What is needed: With the pictures excluded, reproduce all of the data exactly.

Supplied information:

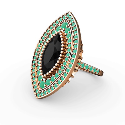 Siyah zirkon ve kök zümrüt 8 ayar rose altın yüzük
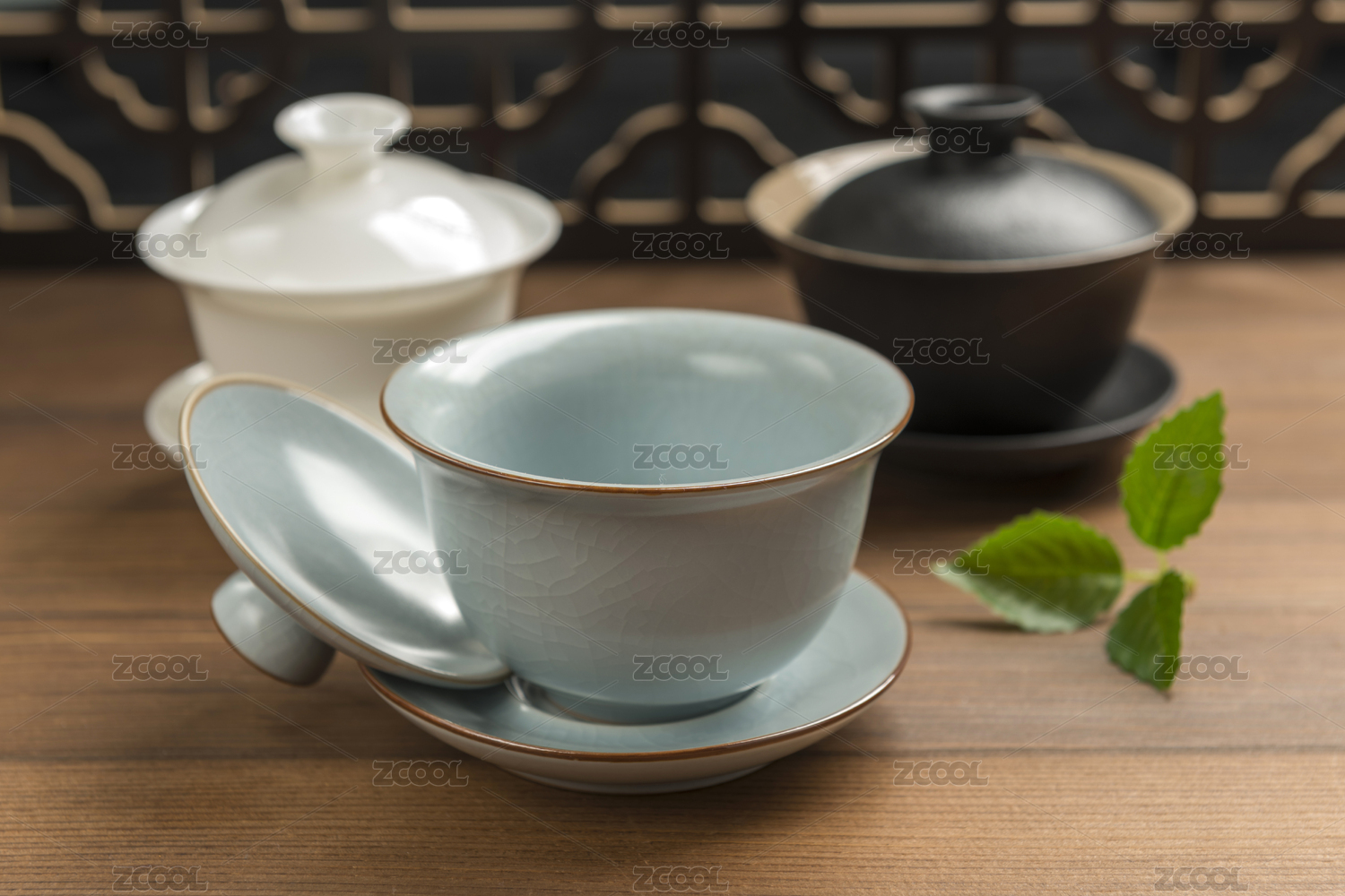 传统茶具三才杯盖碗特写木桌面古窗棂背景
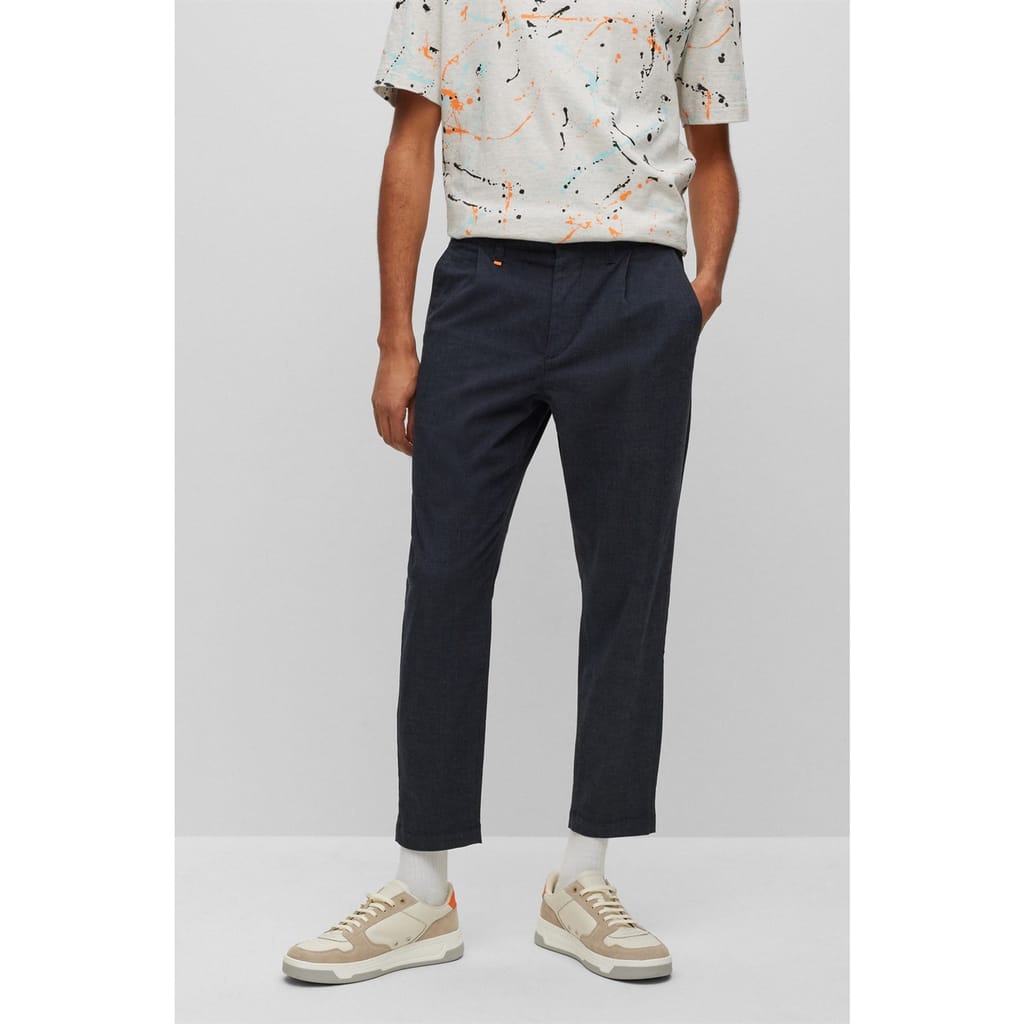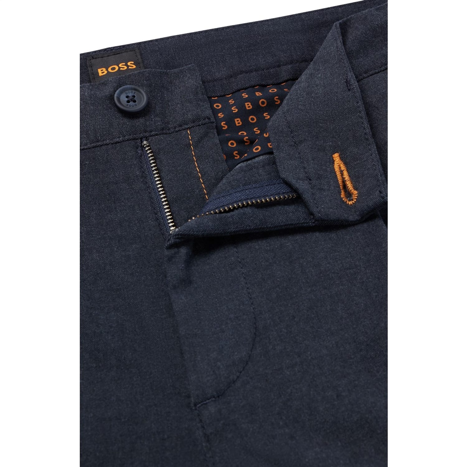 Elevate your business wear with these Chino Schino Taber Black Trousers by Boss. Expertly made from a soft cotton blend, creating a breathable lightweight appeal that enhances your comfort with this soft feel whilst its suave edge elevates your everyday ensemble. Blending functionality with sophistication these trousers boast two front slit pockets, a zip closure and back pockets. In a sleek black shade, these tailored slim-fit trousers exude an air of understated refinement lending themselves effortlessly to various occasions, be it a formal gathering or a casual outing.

Solution to this task:
 Siyah zirkon ve kök zümrüt 8 ayar rose altın yüzük
 传统茶具三才杯盖碗特写木桌面古窗棂背景
 Elevate your business wear with these Chino Schino Taber Black Trousers by Boss. Expertly made from a soft cotton blend, creating a breathable lightweight appeal that enhances your comfort with this soft feel whilst its suave edge elevates your everyday ensemble. Blending functionality with sophistication these trousers boast two front slit pockets, a zip closure and back pockets. In a sleek black shade, these tailored slim-fit trousers exude an air of understated refinement lending themselves effortlessly to various occasions, be it a formal gathering or a casual outing.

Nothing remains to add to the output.